▸ PROMPT: Word for word, restate the lines of the data below between those holding "融资方面,当日融资买入932" and "To make your in", inclusive; pictures do not belong in the copy.

▸ RECORD EXCERPTS:
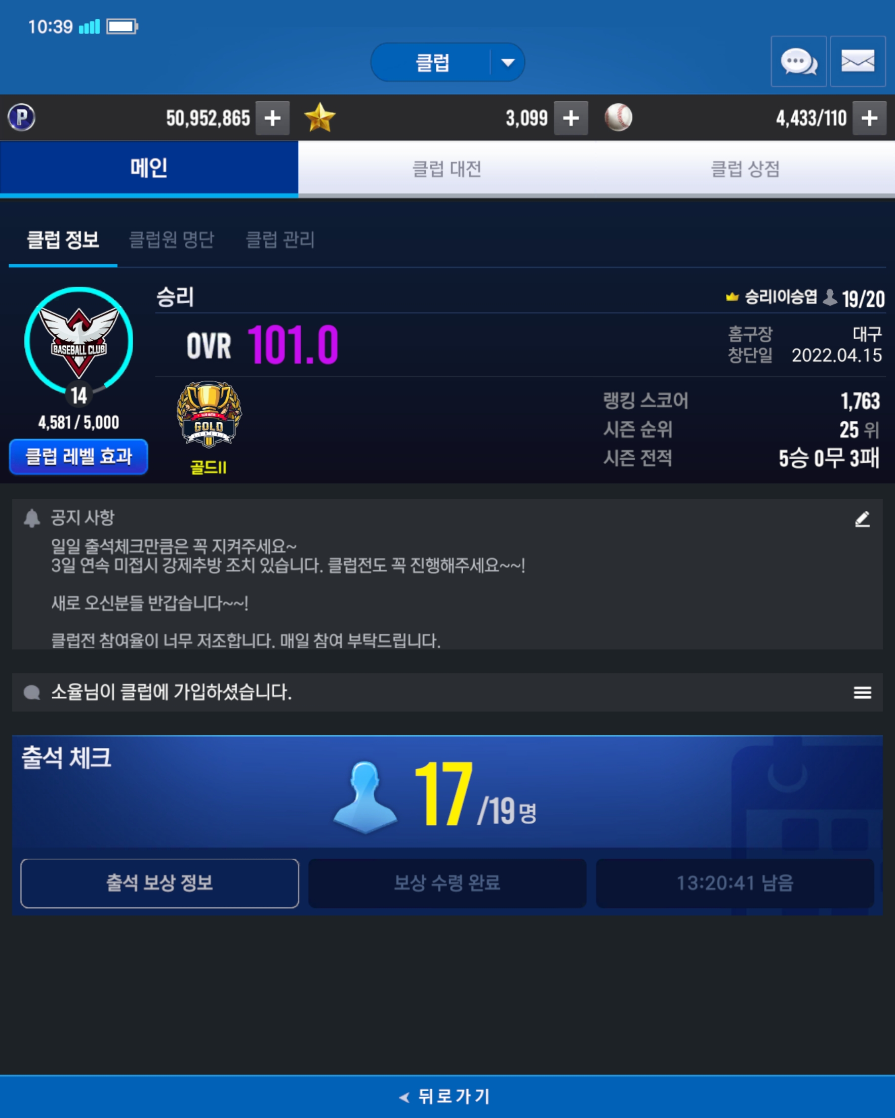 클럽레벨 14(15직전)이며, 클럽 평균 OVR 101입니다. 클럽원분들 참여율 좋으십니다.
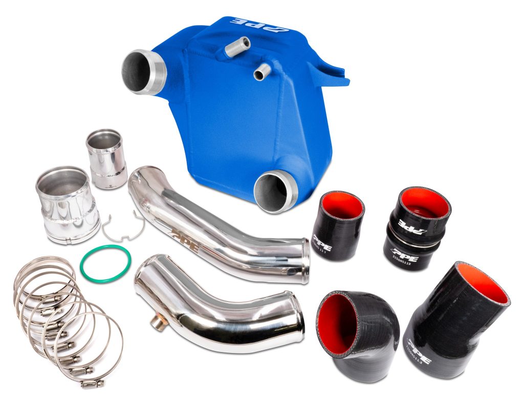 Pacific Performance Engineering (PPE Power). N. Las Vegas, NV presents The PPE high-performance water-to-air Intercooler adds both style and performance to your 6.7L Power Stroke. The PPE intercooler has increased cooling efficiency due to its all-aluminum Bar and Plate-style construction, superior fin layout, and 50% larger core. PPE has also redesigned the coolant’s distribution path to maximize the cooling capacity and efficiency. Cooler and denser charge air can also help reduce exhaust gas temperature (EGTs) and increase fuel efficiency. It also significantly improves the airflow and lowers the frictional pressure drop by 63%, thanks to its flow-optimized, cast aluminum end tanks. The kit is complete with everything needed for a seamless installation.
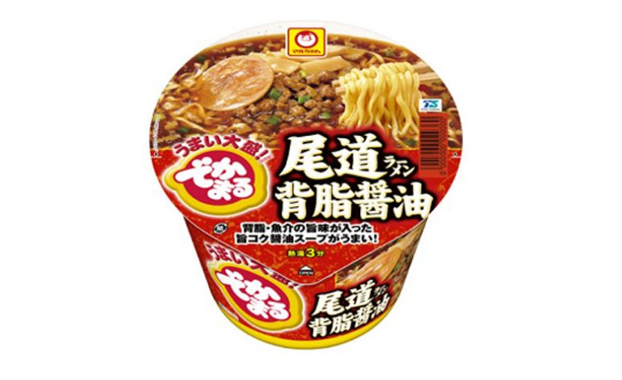 カープ! カープ! 広島カープ! 25年ぶりのセ・リーグ優勝で盛り上がる広島県ですが、ご当地ラーメンと言えば、尾道市を中心とした広島県備後地方の「尾道ラーメン」が有名。瀬戸内海の小魚によるいりこだしを加えた鶏がらスープが特徴で、醤油味ベースのシンプルな味を楽しめます。このラーメンをカップ麺にアレンジしたのが「マルちゃん でかまる 尾道ラーメン 背脂醤油」。尾道ラーメンの特徴の1つである背脂を加えて、コクのある一杯に仕上げました。しかも、「でかまる」だから、ボリュームたっぷりの大盛カップ。活気に溢れる広島のご当地ラーメンを、トコトン味わってください!
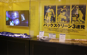 | 80周年特別映像を放映する、 イエローが印象的なファサード。 | ファンにはたまらない レジェンド選手ゆかりの品々の展示。 |
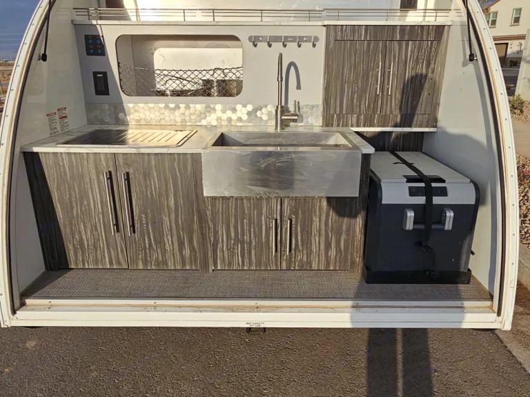 Experience the charm and simplicity of a classic teardrop trailer, thoughtfully designed to provide a cozy and comfortable getaway for two. This compact yet feature-packed trailer ensures a memorable adventure while keeping things convenient and hassle-free.Inside, you’ll find a comfortable sleeping space perfect for relaxing after a day of exploring. Enjoy year-round comfort with an efficient AC and heating system, ensuring you stay cool in the summer and warm in the winter. For entertainment, the trailer is equipped with a TV, radio, and Bluetooth connectivity, paired with built-in speakers to set the perfect mood, whether you’re winding down with a movie or enjoying your favorite tunes.The kitchen is compact but fully functional, featuring an electric cooler to keep your food and drinks fresh and ready. The scenic front window not only enhances the natural light inside but also allows you to take in the stunning views from the comfort of your trailer. LED lights throughout the interior add a modern touch while providing excellent illumination for all your activities.Whether you’re heading out for a weekend getaway or a longer adventure, this teardrop trailer offers everything you need to make your journey comfortable, enjoyable, and unforgettable!Cosa è incluso•cooking pans
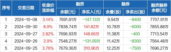 融资方面,当日融资买入932.35万元,融资偿还1079.48万元,融资净偿还147.13万元。融券方面,融券卖出0股,融券偿还8400股,融券余量9.94万股,融券余额16.3万元。融资融券余额合计7707.91万元。
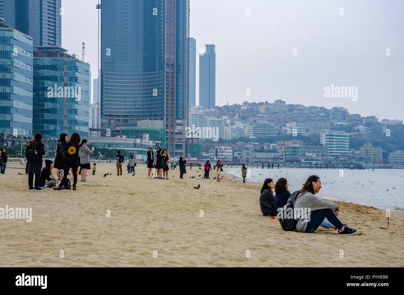 Haeundae Beach, a sandy beach popular with tourists at Busan in South Korea Stock Photo Alamy
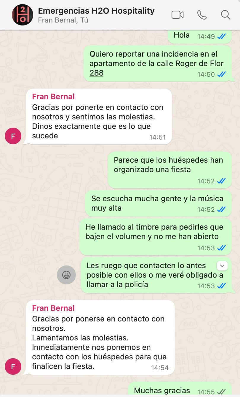 Este sistema inteligente está disponible las 24 horas del día, los 7 días de la semana, y permite a los huéspedes informar de cualquier incidencia al instante, recibiendo orientación o soluciones inmediatas sin necesidad de esperas. Ya se trate de una pregunta sobre el apartamento, un problema técnico o una solicitud urgente, el chatbot garantiza que cada situación se gestione de forma rápida y eficaz.
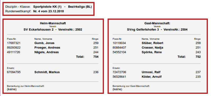 Mit ihrem Gesamtergebnis von 752 Ringen rutscht die Mannschaft nun auf Platz 7 in der Gesamtwertung der Bezirksliga, hinter die bis dato gleich auf liegende Mannschaft aus Michelfeld.
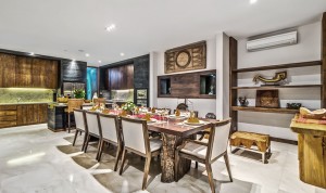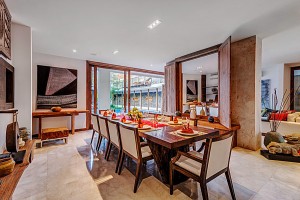 To make your in house dining experience a memorable one, the dining room is furnished in white marble with a large teak table that allows seating for up to ten guests at any one sitting.
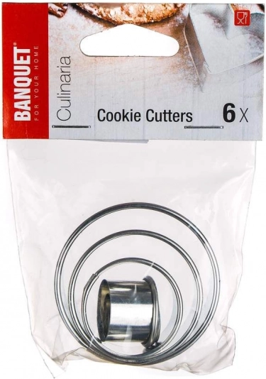 Práctico juego de cortadores con forma de círculo de acero inoxidable resistente para un horneado y decoración de repostería fáciles. Incluye 6 piezas de distintos diámetros, ideales para galletas, masa sable, fondant y mazapán. El acero inoxidable garantiza una larga vida útil, limpieza fácil y formas precisas.
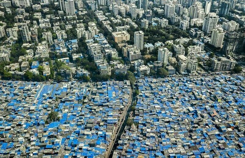 Трущобы Мумбаи рядом со спальным районом: социальное неравенство налицо
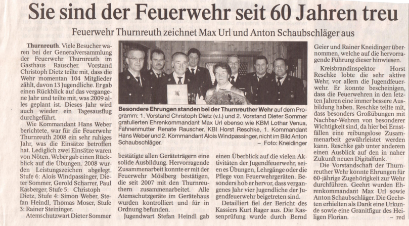 Artikel zur Generalversammlung 2009 der FF Thurnreuth
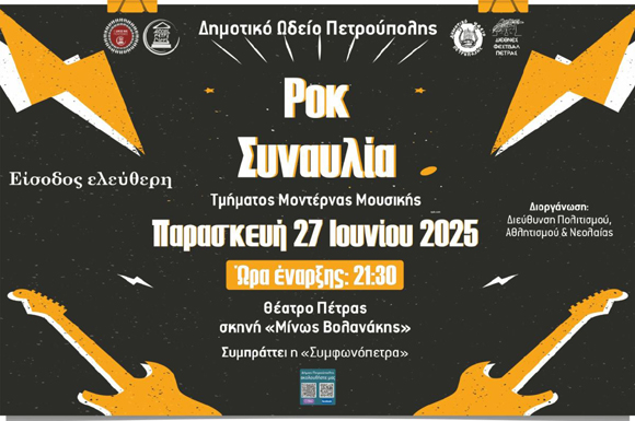 Σήμερα (20:30) η σκηνή «Μίνως Βολανάκης» θα φιλοξενήσει συναυλία κλασικής και παραδοσιακής μουσικής. Συμμετέχουν τμήματα Προπαιδείας - Προθεωρίας, Χορωδίες, και το Συγκρότημα Παραδοσιακής Μουσικής. Συμπράττει ομάδα εφήβων από το δημοτικό τμήμα Παραδοσιακών Χορών, υπό τη διδασκαλία της Κυριακής Λαγουδάκη, και η Χορωδία των Κ.Α.Π.Η. του Δήμου Πετρούπολης.

▸ TASK OUTPUT:
 融资方面,当日融资买入932.35万元,融资偿还1079.48万元,融资净偿还147.13万元。融券方面,融券卖出0股,融券偿还8400股,融券余量9.94万股,融券余额16.3万元。融资融券余额合计7707.91万元。
 Haeundae Beach, a sandy beach popular with tourists at Busan in South Korea Stock Photo Alamy
 Este sistema inteligente está disponible las 24 horas del día, los 7 días de la semana, y permite a los huéspedes informar de cualquier incidencia al instante, recibiendo orientación o soluciones inmediatas sin necesidad de esperas. Ya se trate de una pregunta sobre el apartamento, un problema técnico o una solicitud urgente, el chatbot garantiza que cada situación se gestione de forma rápida y eficaz.
 Mit ihrem Gesamtergebnis von 752 Ringen rutscht die Mannschaft nun auf Platz 7 in der Gesamtwertung der Bezirksliga, hinter die bis dato gleich auf liegende Mannschaft aus Michelfeld.
 To make your in house dining experience a memorable one, the dining room is furnished in white marble with a large teak table that allows seating for up to ten guests at any one sitting.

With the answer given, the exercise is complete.